9. If the author’s name and the date are unknown, how would a historian learn these
information?
-  historians aim to reconstruct a record of human activities and to achieve a more
profound understanding of them.

10. What is personal equation? How does it influence the ability and willingness of a
witness to give a dependable testimony?
- referred to the idea that every individual observer had an inherent bias when it came
to measurements and observations.
- the witness must be able to understand and respond to questions, and the witness
must demonstrate the moral capacity to tell the truth.

11. What are the four tests in determining the credibility of a historical evidence?
- Printed sources
- Archives
- Oral testimony
- Physical evidence

12. What factors influence the witness’s ability to tell the truth?
- Memory reconstruction
- Line-up issues
- Visual characteristics
- Anxiety and stress
- Obtaining legal representation

13. What conditions influence the witness’s willingness to tell the truth?
- a witness needs only the ability to recall what they have seen and heard, and be able
to communicate what they recall. 
- he witness must demonstrate the moral capacity to tell the truth.7
ISSUES OF DISCOURSE

1. Could one make use of his knowledge and skills in evaluating the authenticity and
credibility of historical sources in evaluating fake news that are proliferating in
different kinds of media today? Why? How?
- Yes, Use the information you are given in the source, recognize and detect in the
source. Your own knowledge of the period of time should add to the source.
2. Can a historical document be reliable and not accurate, or accurate and not
reliable? Why?
- Historical records are no different. Some sources may be considered more reliable
than others, but every source is biased in some way. Because of this, historians read
skeptically and cross-check sources against other evidence.

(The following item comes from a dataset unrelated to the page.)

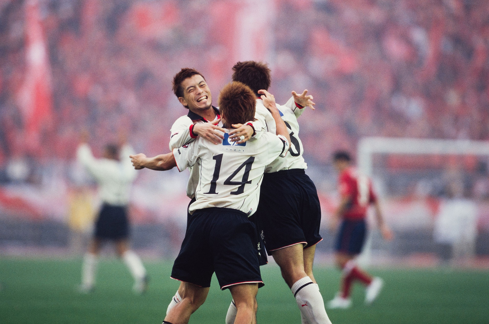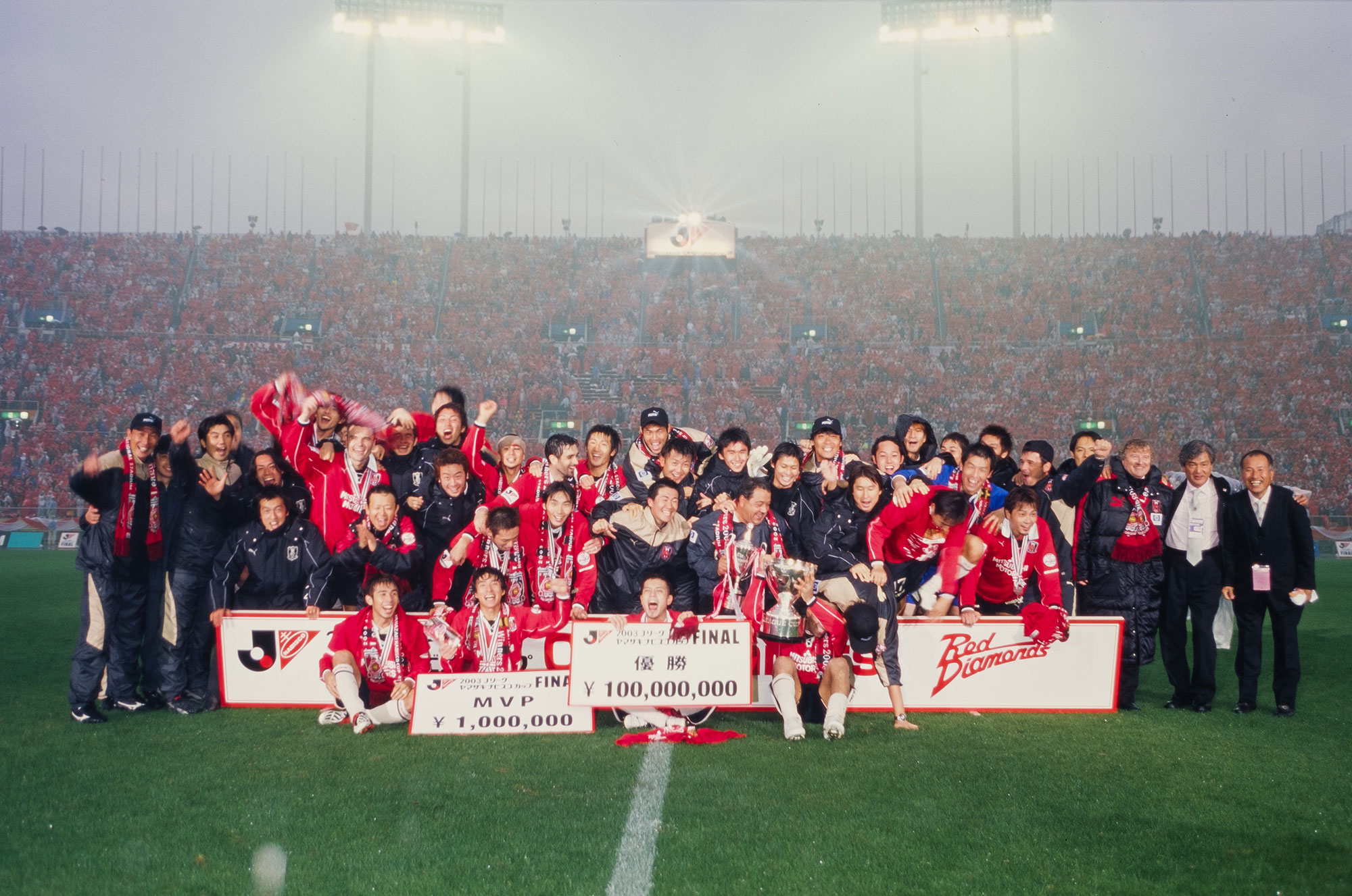 だがその1年後、レッズは振り返らなかった。前半13分に山瀬功治のヘディングで先制。前半36分にエメルソンと坪井慶介が激突して2人とも頭部を裂傷、左目の上を切った坪井はタンカで運び出されたが、オフト監督は交代を送らず、坪井はハーフタイムに国立競技場のロッカールームで縫合手術を受けてピッチに復帰した。後半、レッズはエメルソン、田中達也、エメルソンとたたみかけ、4-0の完勝で「初タイトル」を獲得したのである。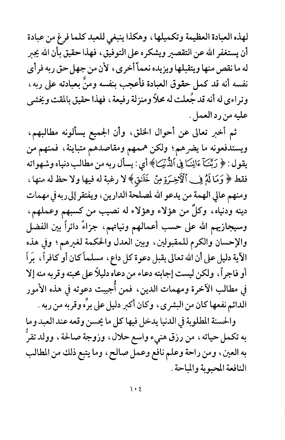 ثم أخبر تعالى عن أحوال الخلق، وأن الجميع يسألونه مطالبهم، ويستدفعونه ما يضرهم؛ ولكن هممهم ومقاصدهم متباينة، فمنهم من يقول: {رَبَّنَا آتِنَا فِي الدُّنْيَا} [البقرة: 200] أي: يسأل ربه من مطالب دنياه وشهواته فقط، {وَمَا لَهُ فِي الْآخِرَةِ مِنْ خَلَاقٍ} [البقرة: 200] لا رغبة له فيها، ولا حظ له منها، ومنهم عالي الهمة من يدعو الله لمصلحة الدارين، ويفتقر إلى ربه في مهمات دينه ودنياه، وكل من هؤلاء وهؤلاء له نصيب من كسبهم وعملهم، وسيجازيهم الله على حسب أعمالهم ونياتهم، جزاء دائرا بين الفضل والإحسان والكرم للمقبولين، وبين العدل والحكمة لغيرهم، وفي هذه الآية دليل على أن الله تعالى يقبل دعوة كل داع، مسلما كان أو كافرا، برا أو فاجرا، ولكن ليست إجابته دعاء من دعاه دليلا على محبته وقربه منه إلا في مطالب الآخرة ومهمات الدين، فمن أجيبت دعوته في هذه الأمور الدائم نفعها كان من البشرى، وكان أكبر دليل على بره وقربه من ربه.

3. Can you always rely on primary sources for accuracy? Can eyewitnesses make a
mistake? What about an eyewitness who records his or her recollections several
years after an event – will that make a difference? Sometimes people are very
biased in their account of an event or of another individual. How can you separate
opinion from fact in history?
- Primary sources are not always accurate. As careful and methodical genealogists
we must consider the possibility that there may be errors in a record. Eyewitnesses
can provide very compelling legal testimony, but rather than recording experiences
flawlessly, their memories are susceptible to a variety of errors and biases. They
can make errors in remembering specific details and can even remember whole
events that did not actually happen. Ask students to help define the difference
between a fact and an opinion. Be clear that facts are objective information that is
true for everyone, no matter how you look at it.

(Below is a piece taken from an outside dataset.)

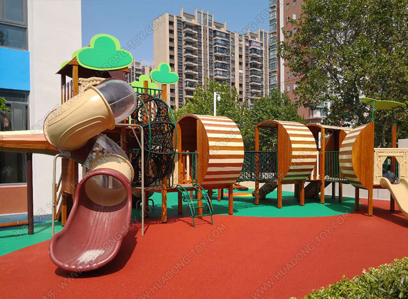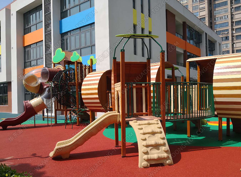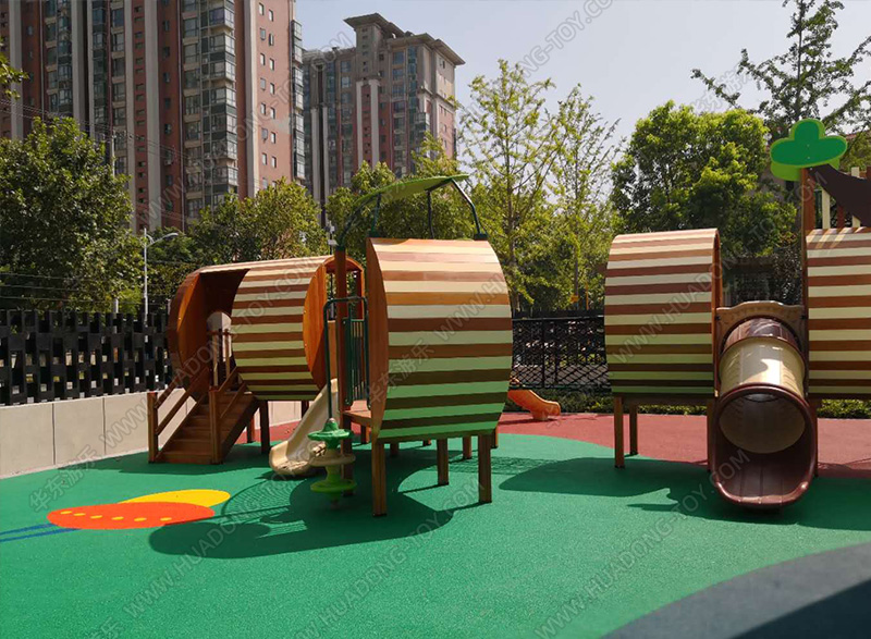 • 碧桂园木制非标项目案例采用木制非标为设计模型,沿用乡村风车设计的具有复古模式的游乐项目,整个项目具有秋千组合,木制拓展、木制跷跷板、爬网等游乐设备,丰富了整个项目的功能和小朋友的健康发展要求。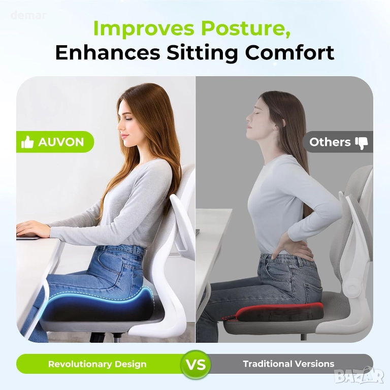 AUVON Контурирана възглавница за сядане, ергономична възглавница за офис стол за комфорт

4. If a historian cannot find written primary sources, what other sources can he or
she look for? What do these types of sources tell us about the past? What do they
leave out?
- Popular historians often write history just using other books. Nothing necessarily
wrong with that, because they might bring together a whole lot of quite narrow works
into one broad one.

5. What can secondary sources provide that primary sources generally do not
include? What are the limitations of using secondary sources alone? What if you
only used primary sources? What makes every primary sources unique?
- A primary source gives you direct access to the subject of your research. Secondary
sources provide second-hand information and commentary from other researchers.

6. Do you believe that any reader of historical writing should critically evaluate the
material based on the following parameters? Why?
a. Who writes it?
- Yes, Knowing an author's background is a must for any reader. It is because every
writing piece comes out of the experiences.

b. With what agenda in mind?


- Writing is the foremost goal of history, since it is the medium through which the writer
communicates the sum of his or her historical knowledge.

c. What type of sources is used?


- Historical sources give us an in-depth understanding of things that have happened in
the past from the point of view of the people who lived through them.